Нет, он не видел меня, не мог он меня видеть, ведь он жил в другом времени. Тогда почему же он внезапно приподнялся в седле, обернулся и посмотрел прямо на меня? Это был призыв, властный и странный: «Следуй за мной, если не трусишь!» Я прикинул на глаз глубину брода и, хотя вода доходила пони до колен, бросился за ним, не думая о том, что могу промокнуть – и только выйдя на противоположный берег, мимоходом отметил про себя: а ботинки‑то совсем сухие!

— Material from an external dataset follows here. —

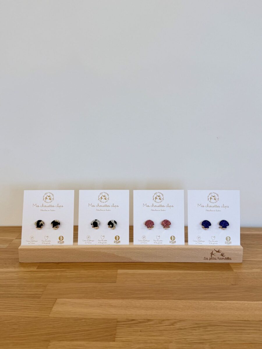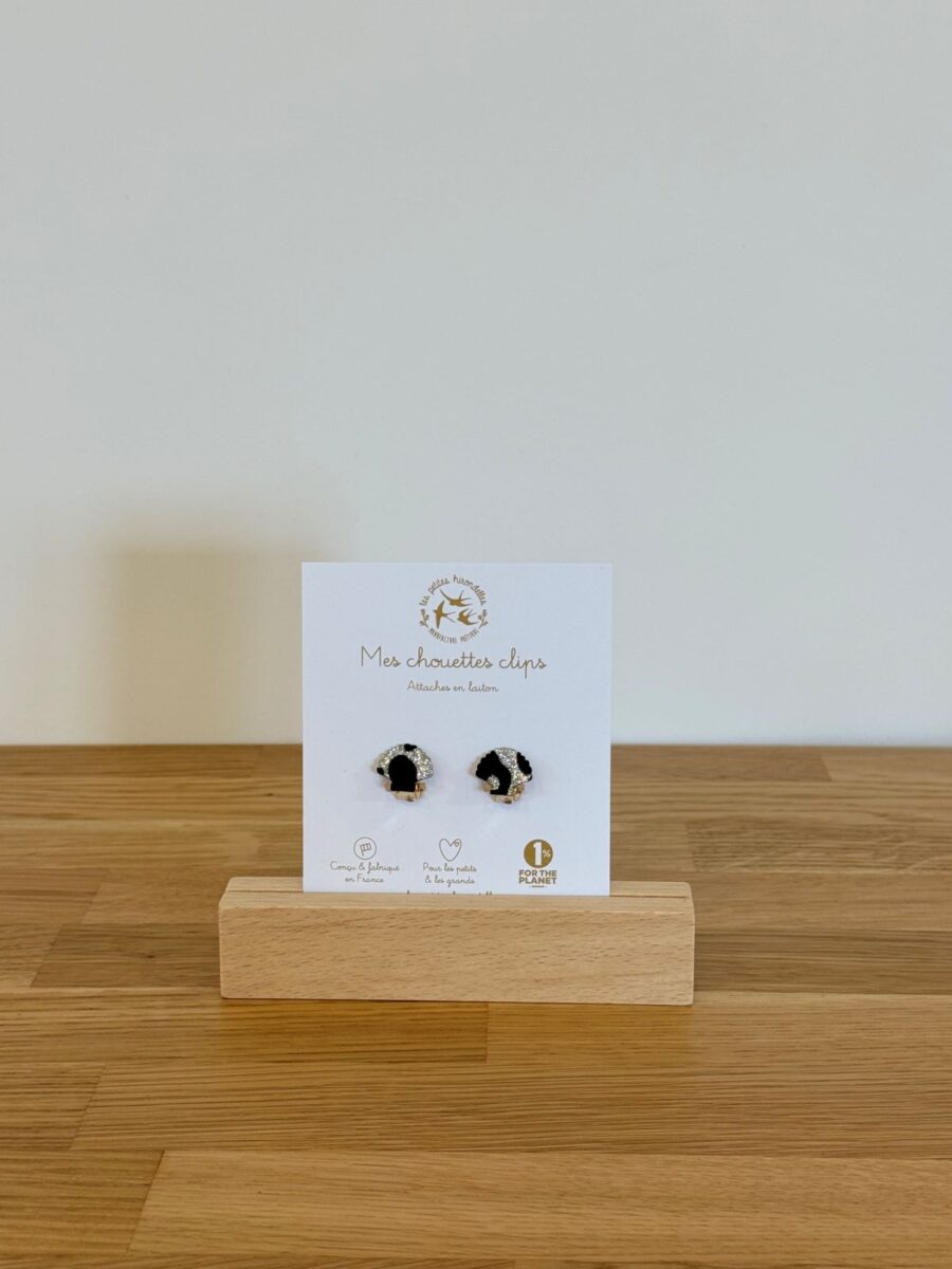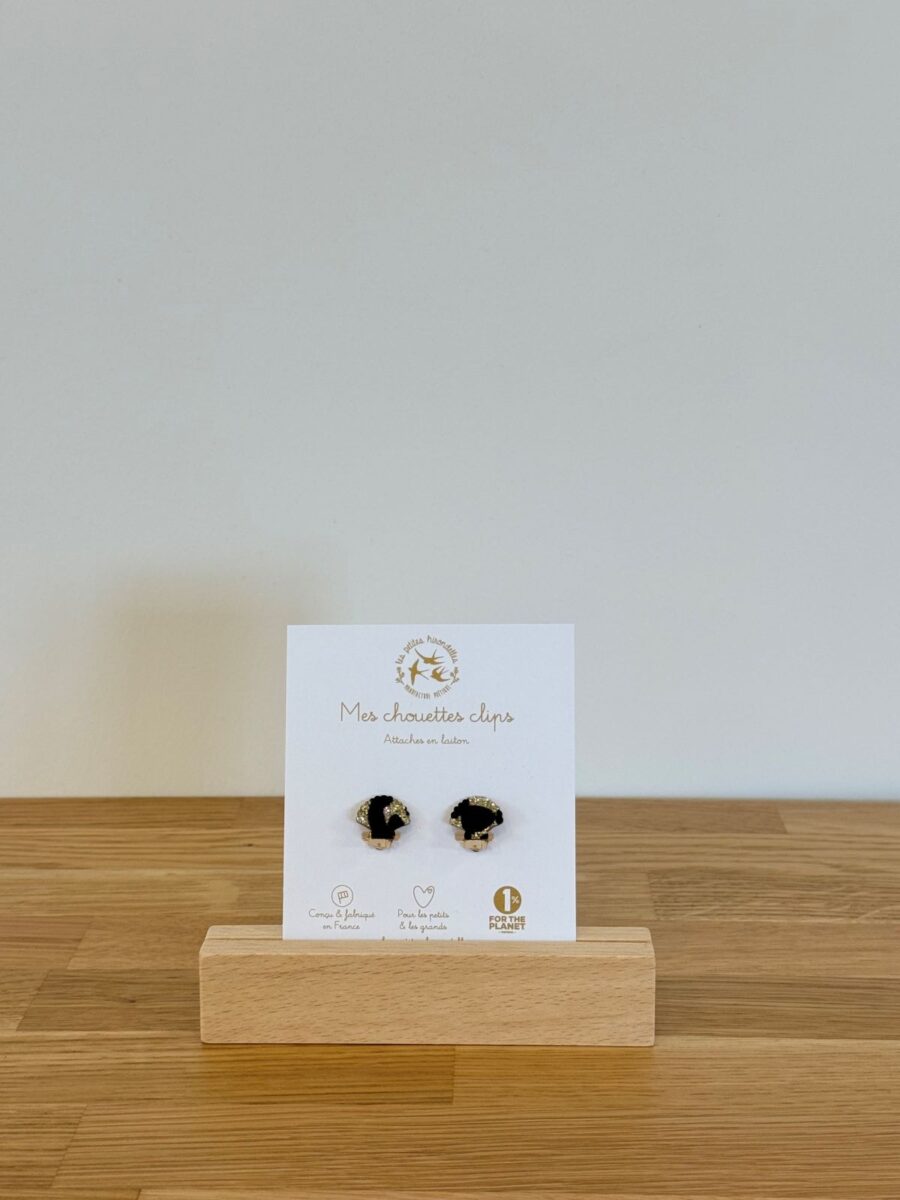 Ces boucles à clip, composées d’une attache en laiton et d’une forme en feutrine pailletée, sont légères et agréables à porter.

Всадник поехал в гору, и я последовал за ним. Дорога была крутая и размытая, и, поднимаясь вверх, она резко поворачивала влево. Я с радостью заметил, что она в точности совпадает с той, по которой я ехал на машине только сегодня утром. Но на этом сходство заканчивалось: живой изгороди из кустарника, окаймлявшей дорогу в моем времени, здесь не было. Справа и слева лежали пахотные земли, ничем не защищенные от ветров, кое‑где виднелись участки, поросшие низкорослым вереском и утесником. Мы поравнялись с упряжкой волов, и я наконец смог разглядеть самого пахаря: маленького роста, в каком‑то балахоне с капюшоном, всей тяжестью своего тела навалившегося на массивный деревянный плуг. Он поднял руку, приветствуя моего всадника, что‑то прокричал и побрел за плугом дальше. Над его головой кружили и кричали чайки.

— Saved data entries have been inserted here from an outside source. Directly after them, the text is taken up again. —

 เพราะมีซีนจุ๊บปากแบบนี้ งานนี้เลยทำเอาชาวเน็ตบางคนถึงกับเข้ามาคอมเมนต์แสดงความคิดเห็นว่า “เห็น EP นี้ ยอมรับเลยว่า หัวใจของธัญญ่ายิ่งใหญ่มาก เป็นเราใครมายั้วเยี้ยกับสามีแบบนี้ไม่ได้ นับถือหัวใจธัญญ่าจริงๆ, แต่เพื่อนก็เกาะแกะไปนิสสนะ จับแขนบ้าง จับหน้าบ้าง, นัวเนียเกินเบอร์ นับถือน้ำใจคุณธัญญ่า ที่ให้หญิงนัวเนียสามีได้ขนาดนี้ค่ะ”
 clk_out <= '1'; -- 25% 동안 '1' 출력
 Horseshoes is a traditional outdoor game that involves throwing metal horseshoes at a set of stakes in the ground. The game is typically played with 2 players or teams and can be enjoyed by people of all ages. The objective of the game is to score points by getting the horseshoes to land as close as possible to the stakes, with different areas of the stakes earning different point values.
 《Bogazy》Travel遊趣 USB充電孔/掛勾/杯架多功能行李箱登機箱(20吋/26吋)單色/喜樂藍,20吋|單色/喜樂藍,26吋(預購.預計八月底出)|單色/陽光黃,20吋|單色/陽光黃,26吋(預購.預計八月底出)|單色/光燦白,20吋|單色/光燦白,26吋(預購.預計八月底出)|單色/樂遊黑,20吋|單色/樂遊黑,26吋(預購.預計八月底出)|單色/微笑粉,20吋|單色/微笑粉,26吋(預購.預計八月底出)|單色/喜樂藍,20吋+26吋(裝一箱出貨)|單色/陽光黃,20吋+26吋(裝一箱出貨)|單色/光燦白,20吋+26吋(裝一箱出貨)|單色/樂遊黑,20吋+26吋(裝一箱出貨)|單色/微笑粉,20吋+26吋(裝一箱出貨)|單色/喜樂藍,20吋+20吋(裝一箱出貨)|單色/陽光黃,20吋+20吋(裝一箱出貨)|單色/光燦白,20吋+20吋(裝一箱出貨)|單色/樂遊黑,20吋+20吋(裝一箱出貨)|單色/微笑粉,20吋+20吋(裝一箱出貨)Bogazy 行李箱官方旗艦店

Этот обмен приветствиями был настолько естественным, что чувство шока, не покидавшее меня с того момента, когда я впервые увидел всадника у брода, уступило место удивлению, а затем спокойствию. Я вспомнил свое первое путешествие еще ребенком во Францию: я ехал ночным поездом и утром, с нетерпением открыв окно в купе, смотрел, как мимо проносятся чужие поля, деревни и города, склоненные фигурки людей, работавших в поле подобно этому землепашцу, и по‑детски удивлялся: «Интересно, они такие же живые, как я, или просто притворяются?»

Сейчас для моего удивления было куда больше оснований, чем тогда. Я глядел на всадника, его пони и двигался за ними на таком близком расстоянии, что мог дотронуться до них рукой, ощущал их запах. От них обоих шел такой сильный дух, как будто они вобрали в себя аромат самой жизни. Струйки пота, стекавшие по бокам животного, его косматая грива, следы пены на краю удил, это широкое колено и обтянутая чулком нога, кожаная куртка поверх рубахи, это мерное покачивание в седле, руки, держащие поводья, само лицо, обветренное, худое, обрамленное темными волосами, закрывавшими шею, – вот где была настоящая реальность, а чужеродным элементом был я сам.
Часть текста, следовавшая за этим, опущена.